If, like all right-thinking people, you cheerily idolise Amy Adams and Jennifer Lawrence on the strength of their work in Enchanted (or Junebug) and Winter's Bone, you're going to find American Hustle a little weird to watch. Amy Adams spends most of the movie only just inside a succession of wrap-around dresses, and Jennifer Lawrence spends quite a bit of time courting a wardrobe malfunction as well. I think I was supposed to be happy that two smart attractive women were strutting their stuff so confidently, but mostly I just felt a bit uncomfortable, as if the girl next door had just shown up to do a stripper-gram. It's nice and everything, but I just don't think of you that way….

Over on the other side of cast, Christian Bale grew a paunch specifically for the role, and Bradley Cooper got himself a perm; none of which made me in any way uncomfortable, because I've become accustomed to the idea that making yourself look ridiculous is part of the way that actors make you think they're serious about their art.

It was all about evoking the spirit of the 70s, so David O Russell must be delighted at the glee people have found in pointing up all the post-70s artefacts that found their way into shot anyhow. I was there for the 70s, and it didn't seem so ghastly at the time, but my word, the patterns. The chest-hair. The colour combinations. It was a dark, dark, garish time in our sad history. Well, America's sad history. Here in Mexico, being broke and Catholic kept most of us from looking ludicrous.

American Hustle would make a great double bill with The Hoax, a movie from about seven years ago where Richard Gere played a guy who conned a publisher into thinking that he was the authorised biographer of Howard Hughes. They're both 70s set movies about con-men called Irving with complicated love-lives. They're also both movies which are well acted and get the period look right, but are never going to be classics.
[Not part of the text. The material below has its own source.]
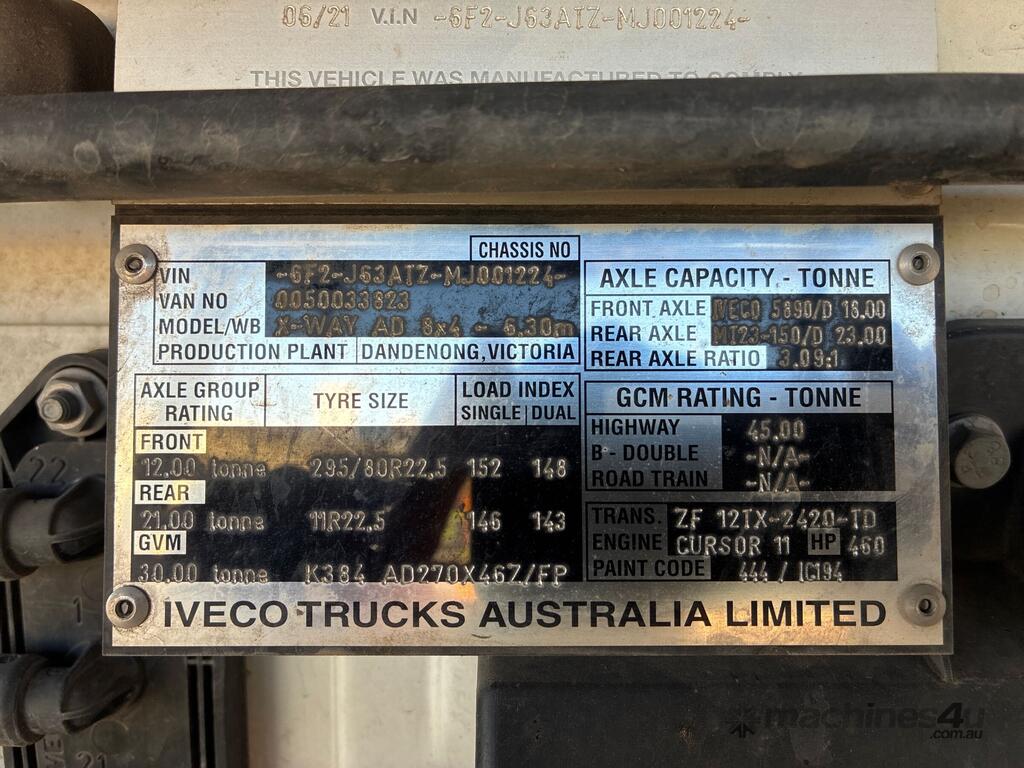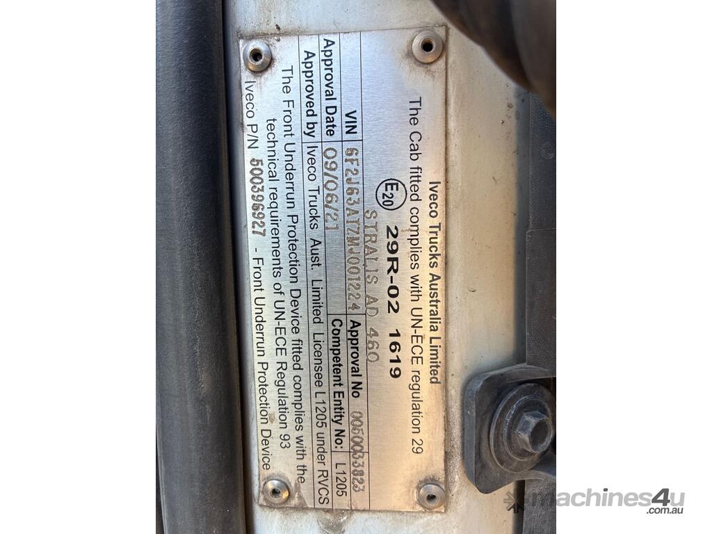 CP: CIRCA 2021,Iveco,Stralis 460,Hook Bin Truck,Automatic,Iveco,Diesel,161010 (Kms. Showing on Odometer),Hourmeter not visible,Rego. No: XQ16TP,VIN: 6F2J63ATZMJ001224,GVM: 30000,GCM: 45000,Sold with No Plates

Where they differ is that Gere's Irving doesn't really get away with it, and Bale's Irving kind of does, at the cost of a trail of destruction which ruins everything around him. Also, American Hustle has a much beefier cast. Robert de Niro has a cameo. Both Richard Harrow AND Eli Thompson from Boardwalk Empire have cameos; as soon as Jack Huston appeared I started waiting for him to kill everyone around him, whereas I had to wait for the credits to find out that that had been Shea Whigham hiding under the world's most terrible blond wig. And Jeremy Renner is there, with a pompadour that almost deserves a separate credit. Man, people had a lot of hair in the 70s. Though they don't seem to have had a lot of brains anchoring it.
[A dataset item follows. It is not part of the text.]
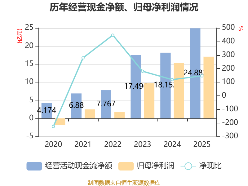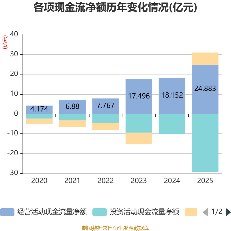 截至2025年,公司经营活动现金流净额为24.88亿元,同比增长37.08%;筹资活动现金流净额6.1亿元,同比增加6.33亿元;投资活动现金流净额-29.37亿元,上年同期为-10.04亿元。

The unexpected thing is that American Hustle is a film about political corruption where the nicest character is a politician. Jeremy Renner's Carmine Polito is too good to be true, and yet completely credible, and the other politicians sucked into the trap come across as affable knuckleheads just doing their best; the real villain of the piece is the FBI. In principle all of this is based on the real-life Abscam sting operation, but unlike most "inspired by true events" movies, American Hustle cheerily admits it's all about a good yarn by opening with a title card saying "Some of this actually happened". But at a time when everyone is hating politicians full time, it's thought-provoking to have some of the characters saying that it's terrible for the FBI to go after politicians and undermine what little faith people still have in the system.
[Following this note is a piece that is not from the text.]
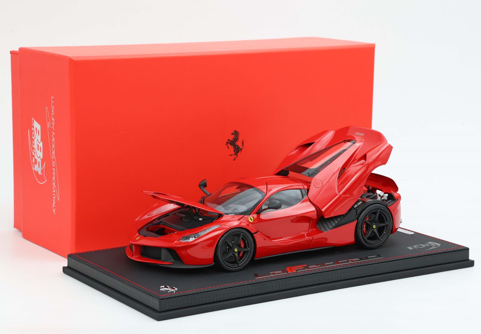 In questo automodello in metallo die cast, a seguito di un lungo studio ingegneristico, BBR ha realizzato portiere e cofano apribili. I giunti invisibili del cofano motore sono soluzione unica grande innovazione nel mercato dell'automodellismo. Lo stesso vale per il pistone telescopico che consente l'apertura delle portiere ad ali di gabbiano come sull'auto vera, un dettaglio davvero esclusivo.

Sad to say, for me the hero of the piece is Louis CK's Stoddard, the dull FBI supervisor who tries to rein in the whole lunatic farrago with well meaning anecdotes about ice-fishing; we never do hear what happens at the end of those stories, which are supposed to get Bradley Cooper's ambitious lunatic to calm the hell down. I wonder if the DVD will have a special feature "Stoddard's childhood".